The Sanders insurgency has indeed pulled the party left, with dramatic impact: The party’s platform, with its stands on a $15 minimum wage, a financial-transaction tax, the death penalty, the reinstatement of Glass-Steagall banking regulations, tuition-free public college, and a commitment to a new health-insurance “public option,” including Medicare for a younger cohort of Americans, is drastically more progressive than it would have been. Just yesterday, in the convention’s rules committee, the Sanders forces pulled off another win: cutting the number of “superdelegates” by two-thirds. “This is a tremendous victory for Senator Sanders’s fight to democratize the Democratic Party and reform the Democratic nominating process,” Sanders campaign manager Jeff Weaver said in a statement. “We were pleased to work with the Clinton campaign to enact this historic commission.” Later, on MSNBC, he praised Clinton’s “gracious leadership” and said that, as a Virginian, he’d voted for Kaine many times.

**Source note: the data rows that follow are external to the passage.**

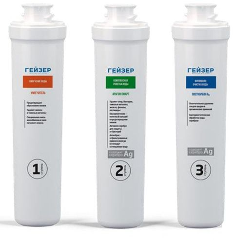 Умягчитель - ионообменная смола пищевого класса, удаляет соли жесткости. Арагон Смарт -удаляет механические примеси, растворенное железо, тяжелые металлы, радионуклиды, бактерии и вирусы. Посткарбон Ag - кокосовый уголь и материал Каталон. Удаляет хлор, органические и хлорорганические соединения.
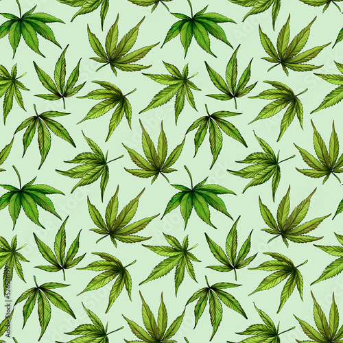 © Tatyana Olina, Fototapeta premium Seamless pattern of green cannabis leaves on a green background. Green hemp leaves. Hand drawn illustration.The seamless cannabis leaf pattern.marijuana pattern
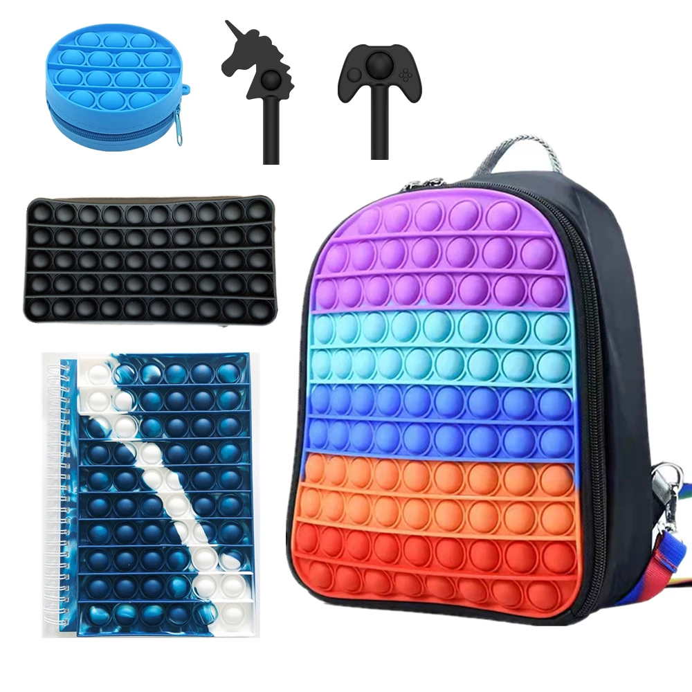 Рюкзак, популярные игрушки-антистресс с пузырьками, школьная сумка ...

These remarkable Sanders-Clinton compromises have been obscured by the leak of DNC e-mails showing chair Debbie Wasserman Schultz and her team often sided with Clinton in Clinton-Sanders battles over media and the primary process. Even though Wasserman Schultz has resigned—another Bernie win—many of his supporters read the e-mails as evidence that the process was “rigged” against their candidate. That’s a claim that Sanders himself does not endorse, but the “Bernie or Bust” crowd buys it—and they’re hoping to make Kaine collateral damage.
They can’t prevent Kaine’s nomination, but they can cast a shadow on it, and obscure how progressive Kaine is, especially for a politician from a recently bright red state—a politician who has played a role in turning his state purple, and hopefully, over time, reliably blue. Tim Kaine deserves better than this.